En su andadura, es obvio, nuestro pensamiento encuentra un día, al paso, al socialismo. No lo margina ni elude su significación. Pero su rigor mental le lleva al análisis. Es un momento en que los intelectuales españoles, acordes en la denuncía, no se aúnan en la propuesta, en ninguna propuesta. Denuncias del marasmo de España, del caciquismo, de la mediocridad, de la pobreza. Pero ¿propuestas de qué? Maeztu se desazona: «En la hora actual no hay programa para los intelec­tuales». Y es así que cada uno se improvisa el suyo. Lo bueno en Maeztu es que él, fiel a su consigna de «esperar sin impacien­cia y trabajar sin desmayo», no quiere improvisaciones. El de­rrote a la izquierda es siempre un recurso para el intelectual. Lo fue en tiempos de la juventud de Maeztu y lo es ahora. Pero Maeztu, que cree que «el ideal no puede consistir sino en in­fundir el infinito en lo finito», objeta al socialismo así: «Tiene que liberarse de su materialismo histórico si ha de limpiarse de su contradicción interna de ser un movimiento ético que niega el poder de la moral».

Y es precisamente el problema moral la clave del pensa­miento de Maeztu. En «Don Quijote, Don Juan y la Celestina», Maetzu concluye: «El problema moral no se ha resuelto.

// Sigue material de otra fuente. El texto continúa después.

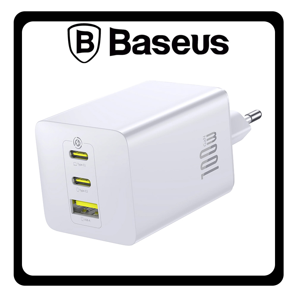 Baseus EnerFill FE11 Fast Charger 100W, 5A, Φορτιστής Ταξιδιού Γρήγορης Φόρτισης 100 Watt 5A, 1 x USB-A / 2 x USB-C White Άσπρο

Repre­senta la cantidad de desarreglo necesario para impedir que la moralidad se automatice en equilibrio de virtud y recompensa». Empero, aunque nuestro pensador es consciente de que la ética es una tensión y no una entropía, renuncia en seguida a todo subjetivismo e intuye la necesidad del «metro universal». «Si detrás de nuestra tabla de valores —escribe— no hay una escala cósmica, un metro universal; si las estimaciones nuestras no tie­nen más valor universal que las de los gusanos, si no hay un Dios en los cielos, Don Juan tenía razón».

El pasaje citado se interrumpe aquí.